Question

A body is moving down into a well through a rope passing over a fixed pulley of radius $20\text{cm}$. Assume that there is no slipping between the rope and pulley. Calculate the angular velocity and angular acceleration of the pulley at an instant when the body is going down at a speed of $40\text{cm/s}$ and has an acceleration of $4{\text{m/s}}^2$?

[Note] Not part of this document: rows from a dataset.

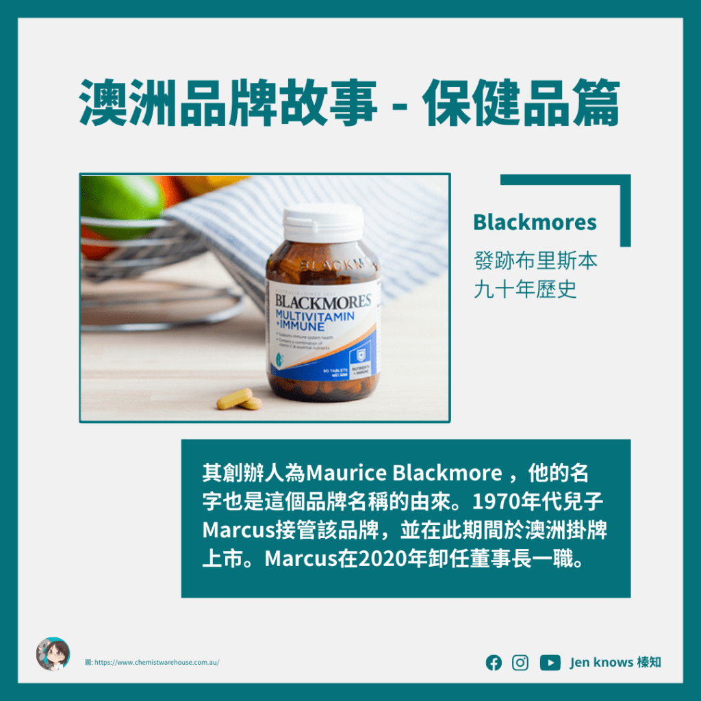 剛來澳洲的時候印象最深的就是Blackmores,因為Chemist Warehouse總是有一大片位置擺著他們家琳瑯滿目的產品。也因為他們家產品線齊全,加上經常打折,現在也是我自己有時候會買來吃的牌子。
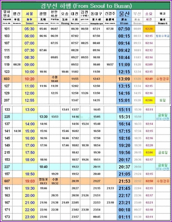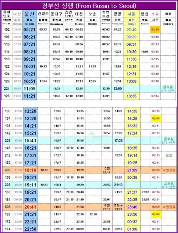 11월 1일 개통된 KTX 울산역 시간표를 다음과 같이 안내합니다.
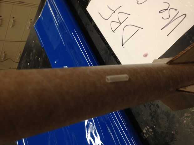 6.1. aplica un cordón de pegamento de la marca 4" hacia la parte superior del tubo del cuerpo la longitud de la zapata del lanzamiento.
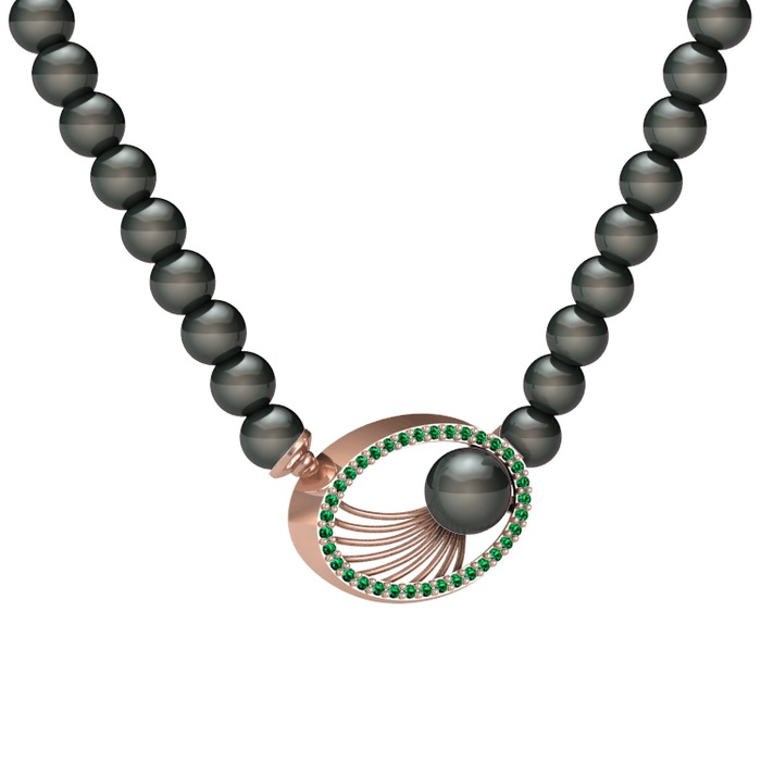 Siyah inci ve yeşil kuvars 925 ayar rose altın kaplama gümüş kolye

• A. $\omega =2\text{rad/s},\alpha =20{\text{rad/s}}^2$
• B. $\omega =2\text{rad/s},\alpha =40{\text{rad/s}}^2$
• C. $\omega =1\text{rad/s},\alpha =20{\text{rad/s}}^2$
• D. $\omega =1\text{rad/s},\alpha =40{\text{rad/s}}^2$

Answer 1

The correct option is A $\omega =2\text{rad/s},\alpha =20{\text{rad/s}}^2$

Since the rope does not slip on the pulley, the linear speed $v$ of the rim is same as the speed of the body.
Given, $r=20\text{cm}$ (Radius of pulley)
$v=40\text{cm/s}$ (Speed of body)
$a=4{\text{m/s}}^2$ (Acceleration of body)
The angular velocity of pulley is $\omega =\frac{v}{r}=\frac{40\text{cm/s}}{20\text{cm}}$
$\omega =2\text{rad/s}$
The angular acceleration of the pulley is
$\alpha =\frac{a}{r}=\frac{4{\text{m/s}}^2}{20\text{cm}}=\frac{400{\text{cm/s}}^2}{20\text{cm}}$
or $\alpha =20{\text{rad/s}}^2$